At the noon break Michaela took up residence in the canteen and received her due homage, even from the orchestra and chorus. Nothing like this had ever happened to her, not even after a premiere. Michaela announced who would read the resolution that evening, since she intended to appear at the church.
Martin Luther Church, that neo-Gothic forefinger rising at the far end of Market Square, was jam-packed. I followed Michaela down the center aisle to the front, where the emissary greeted us. It had been ages since I had been inside a church!
“Ghastly, truly ghastly,” a woman with short hair and a long, thin scar across her right eyebrow kept repeating. “Truly, truly ghastly!” She was referring to Bodin, the pastor of the church, who had demanded that instead of presenting bombastic speeches they should hold a thanksgiving service. God needed to be thanked for the politburo’s declaration, which was an attempt at reconciliation. There were, moreover, strong elements of his congregation who would have no sympathy whatever for such proceedings. If she and her friends did not understand that, he had no choice but to yield to those members of the congregation and close his church’s doors to a crowd of rowdies.

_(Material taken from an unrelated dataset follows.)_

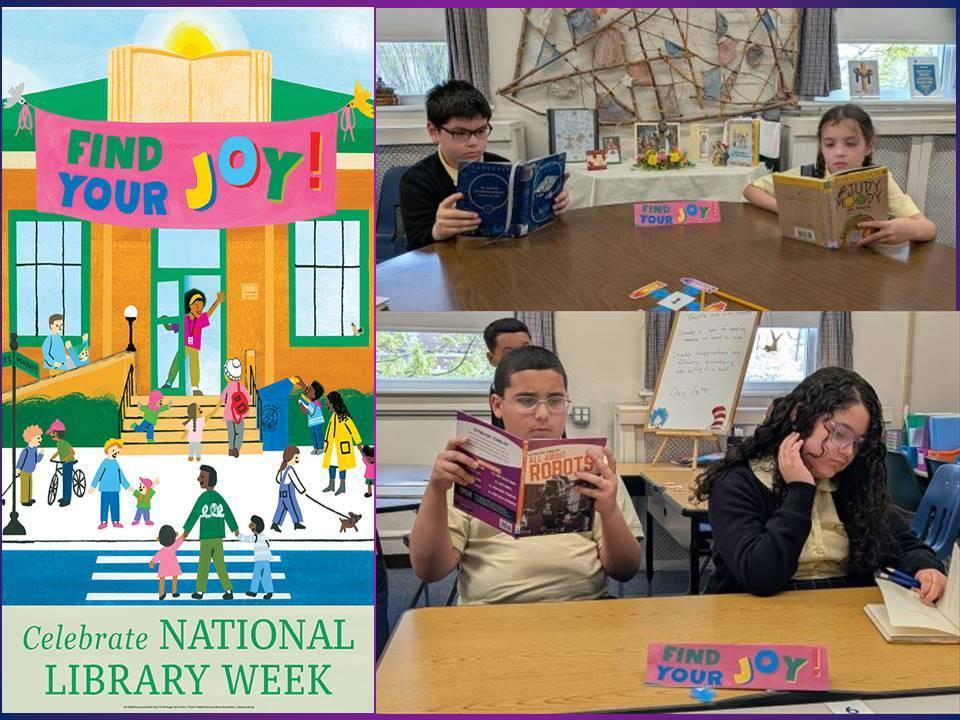 Across the country, April 19th through the 25th, libraries are celebrating National Library Week. Our students will celebrate the week with this year’s theme - “Find Your Joy!” by exploring the joy of reading with special activities and learning about the Caldecott and Newbery Medal Awards for children’s books sponsored by the American Library Association. Students will also “find their joy” in the book they choose to check out from the library.

Somehow I sympathized with Pastor Bodin, an elderly, totally bald man, who had seated himself in his clerical robes against one wall and now appeared to be deep in thought or prayer.
Michaela and I were greeted by several people. The founder of the Altenburg New Forum (every town had its own New Forum) fought for air as he told us how that same morning he had found the lug nuts loosened on his Trabant. A gaunt long-haired fellow with an inscrutable Chinese smile was holding a rolled-up banner in his arms like a giant doll. There was a steady flow of young women who introduced themselves as members or chairpersons of environmental and peace groups.

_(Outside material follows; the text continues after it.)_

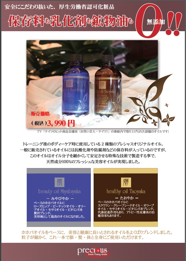 プレシャスのオイルは天然成分100%!!保存料、乳化剤、鉱物油ゼロです!!

Women were likewise in the majority among the people thronging the aisles and balconies. “Something has got to happen today!” the woman with the scar said, and planted herself in front of us.
“What’s supposed to happen?” I asked.
“Why, a demonstration,” she exclaimed. “We’ve got to get things started here! Somebody’s got to speak up today for once.”

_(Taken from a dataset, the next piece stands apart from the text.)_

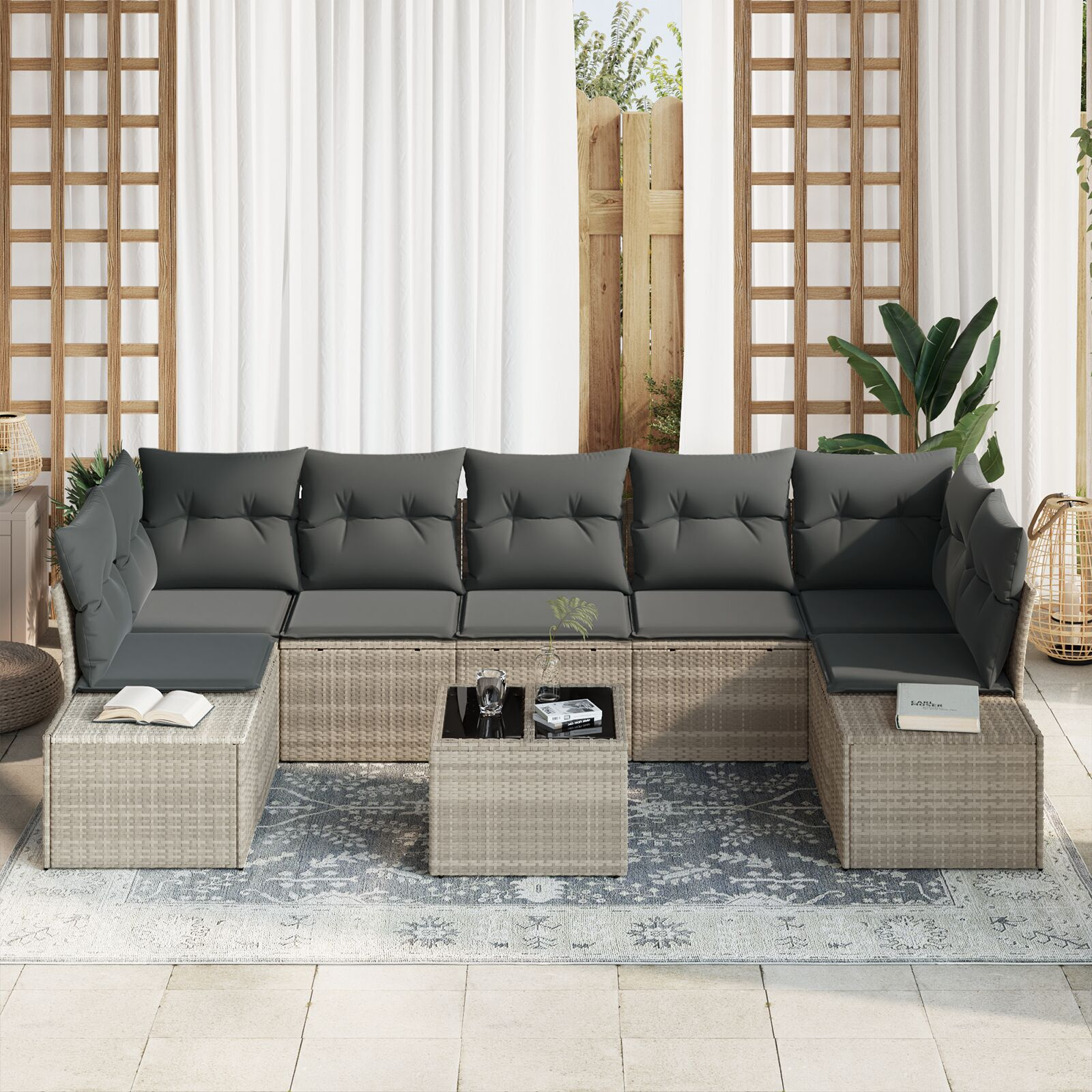 - Construcție robustă: Fabricat din poliratan și oțel, setul e gândit să reziste vremii, asigurând utilizare fiabilă de-a lungul anotimpurilor.

The long-haired fellow came over and interrupted her to say, “If someone is going to speak, it ought to be a person no one here really knows.” Strangely enough at that moment that seemed plausible to me. I realized too late that by nodding I had got myself into a precarious situation. The fellow from the New Forum returned to repeat his lug-nut story and said he was already asking far too much of his family. Michaela didn’t budge. “Can’t you do it?” the woman with the scar asked, gazing at me. I was trapped.
“And what am I supposed to say?” I asked. “Super,” she cried, “that’s really super!” The fellow with long hair bent down over me and patted my shoulder. “Fine, Enrico, very fine!” I was so discombobulated that I asked how he knew my name. 310In the same moment the church orchestra struck up. The bass player, who had given the downbeat, nodded like one of those plastic dachshunds that for a while you saw in every rear windshield.